The Gullah Geechee’s draft ordinance rectifies issues with the law that long governed development on the island before the 2023 ordinance revision — problems that contributed to the push for that controversial change. Under the previous zoning, owners were limited to 1,400 square feet of heated and cooled space but could build porches and other attached areas under the same roof.
In several instances, once a building inspector approved the home, owners would then enclose those spaces to create a larger house. The 2023 revision addressed that by redefining the square footage limits as “under roof” in place of heated and cooled space. But it also bumped the limit to 3,000 square feet, drawing outcry and eventually repeal.
The Gullah Geechee’s proposed ordinance features language limiting development to within a 1,400-square-foot footprint and enacting a height maximum, meant to close that loophole.

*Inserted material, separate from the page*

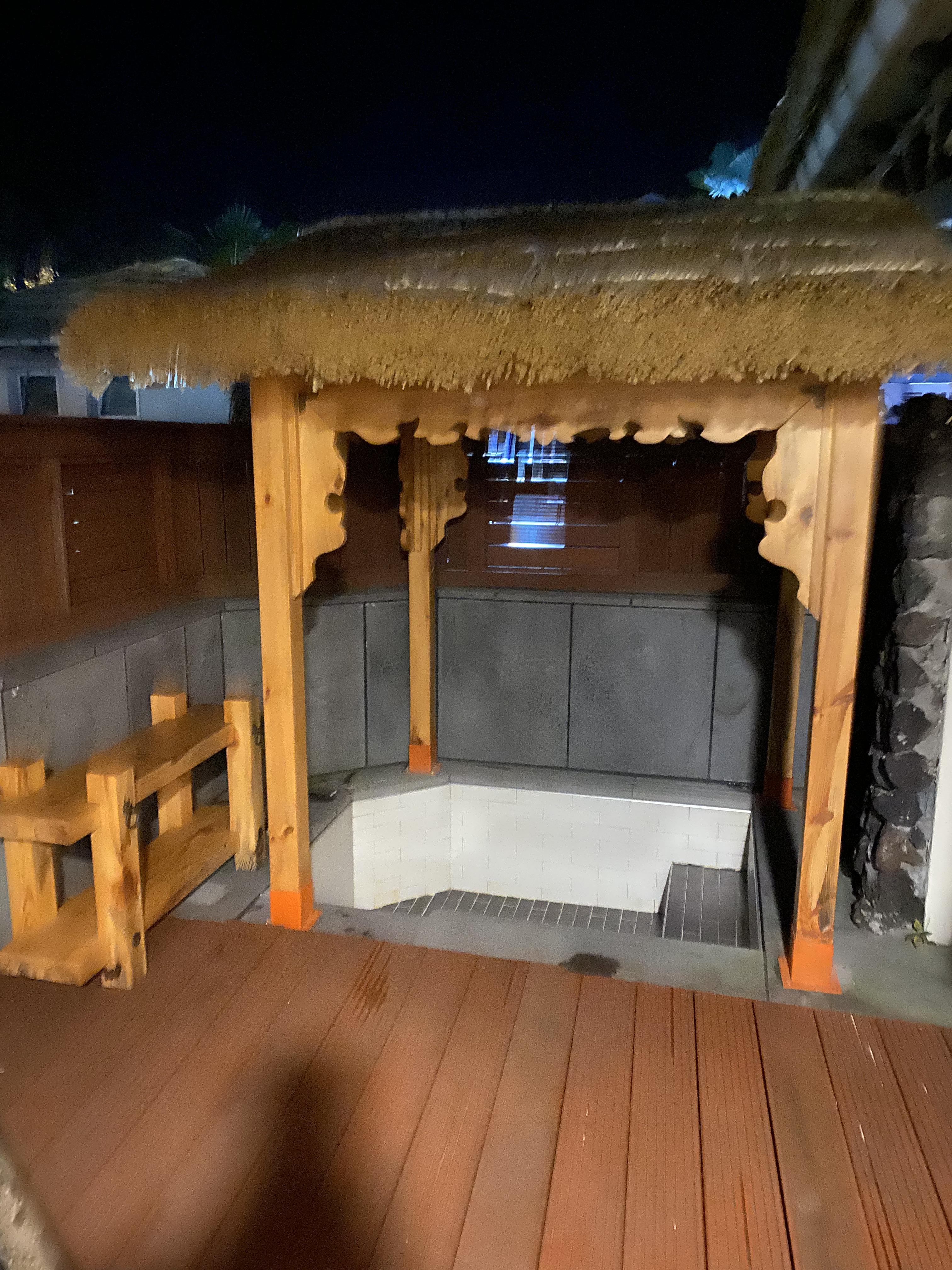 숙소가 매우 특이한데 외관은 그냥 딱 봐도 일반 가정집 같습니다. 문을 열고 들어가면 외부에 월풀 욕조가 딱(마치 히노끼 탕 같은)!!!
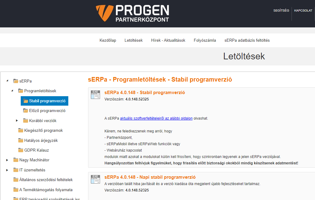 A Telepítőkészlet Stabil, Előző és Korábbi verziói - megfelelő jogosultság esetén - letölthetők a Partnerközpontunkból:

The draft also introduces other development-related restrictions, such as barring the issuance of building permits until hard liquor sales licenses on Sapelo are terminated. A bar and grill operated by an island resident who is not Gullah Geechee was granted an alcohol license in 2024 over residents’ objections. The restaurant is housed in a building originally constructed as a community center.
Credit: Georgia Trust
Credit: Georgia Trust
Other features of the proposal that could draw pushback are a requirement that building permits not be issued unless the applicant can prove clear title as well as a ban on demolition of structures without approval by a majority of residents.
Land ownership has long been an issue on Sapelo — title is the subject of several legal challenges, including at least one still in active litigation — while a demolition restriction would give the Gullah Geechee a say in who could buy an existing property, knock it down and build a new one.